Wednesday, January 7, 2015

Maryland's outgoing Gov. Martin O'Malley announced Dec. 31 he would commute the death sentences of the last four inmates on the state's death row to life imprisonment without possibility of parole. In 2013, Maryland's General Assembly repealed capital punishment, but that did not affect the sentences of what at the time were five inmates on death row. One of those inmates, John Booth-El, died of natural causes earlier in 2014. The state's last execution was in 2005. The action was lauded by the Maryland Catholic Conference, which has long advocated for the end of capital punishment. O'Malley, a Catholic whose second term as governor ends Jan. 21, said in a statement that recent appeals and an opinion by outgoing Maryland Attorney General Doug Gansler have called into question the legality of carrying out those earlier death sentences. "I have now met or spoken with many of the survivors of the victims of these brutal murders," said O'Malley's statement. "They are all good and decent people who have generously granted me the courtesy of discussing the cases of their individual family members."

Monday, January 5, 2015

Exactly 31 years after St. John Paul II personally forgave him for shooting and trying to assassinate him, Mehmet Ali Agca returned to the Vatican with a bunch of white roses and laid them at the late pope's tomb. Ali Agca, who was released from an Italian prison in 2000 and extradited to Turkey where he was jailed for killing a journalist in 1979, phoned the Italian newspaper La Repubblica to announce his presence in St. Peter's Square Dec. 27. It was on Dec. 27, 1983, after celebrating Mass in the chapel of Rome's Rebibbia prison, that Pope John Paul personally forgave him during a 15-minute meeting in a cell. Ali Agca had been sentenced to life in prison for shooting the pope May 13, 1981, during his weekly general audience in St. Peter's Square.
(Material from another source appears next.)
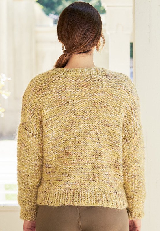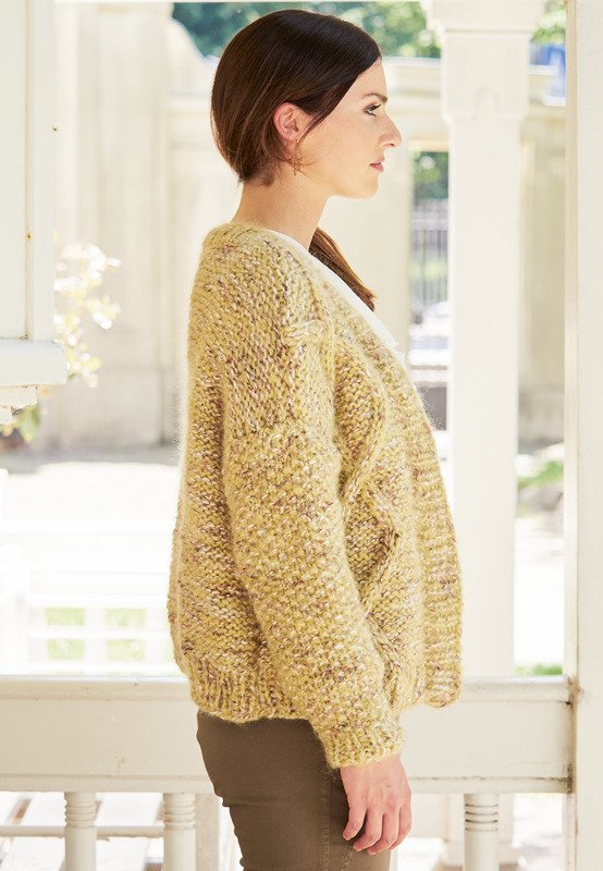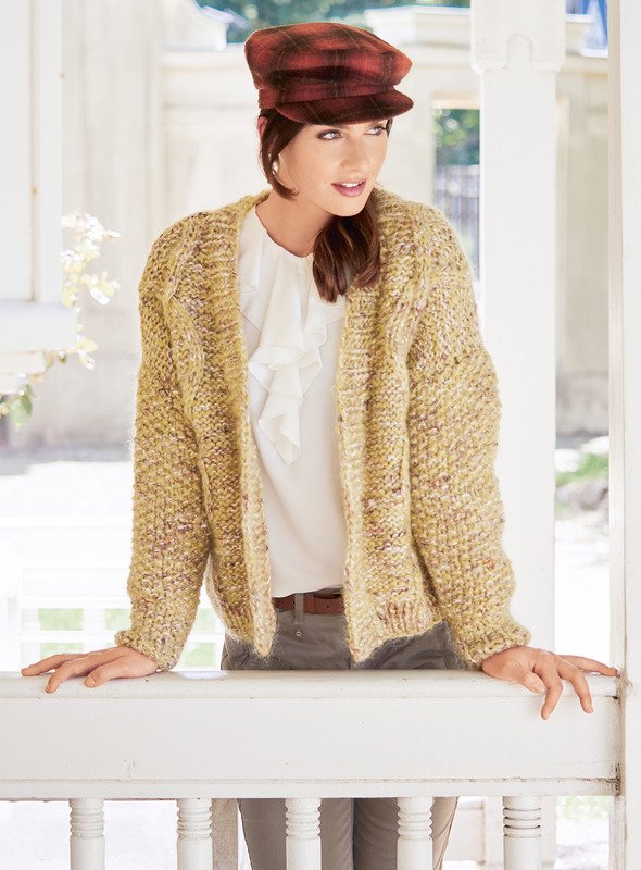Was für ein bezauberndes, kleines Jäckchen! Die Zopf- und Perlmuster, sowie die kraus links gestrickte Struktur dieses hüftlangen Jäckchens sind ganz klar an die klassische Trachtenmode angelehnt. Super modern wird es durch den Schalkragen, den Beilauffaden aus feinem Mohairflausch und die zarten Farben mit feinem Melange-Effekt.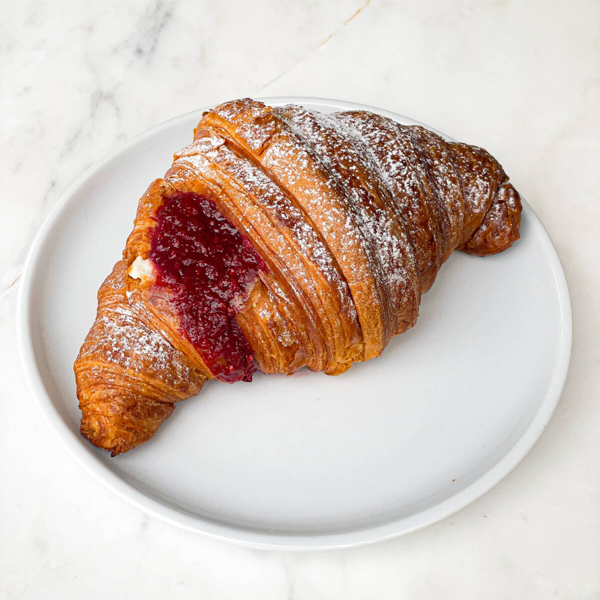 Croissant clássico francês recheado com creme de cream cheese e geleia de framboesa finalizado com açúcar confeiteiro.

Jesuit Father Federico Lombardi, Vatican spokesman, did not issue a statement about Ali Agca's visit to the late pope's tomb nor about the Turk's repeated requests to meet Pope Francis. "He put his flowers on John Paul's tomb; I think that's enough," Father Lombardi told La Repubblica. The newspaper reported that Ali Agca traveled by "plane, car and foot" from Turkey to Greece, then to Austria, through northern Italy and to Rome. He apparently was not stopped at any of the borders.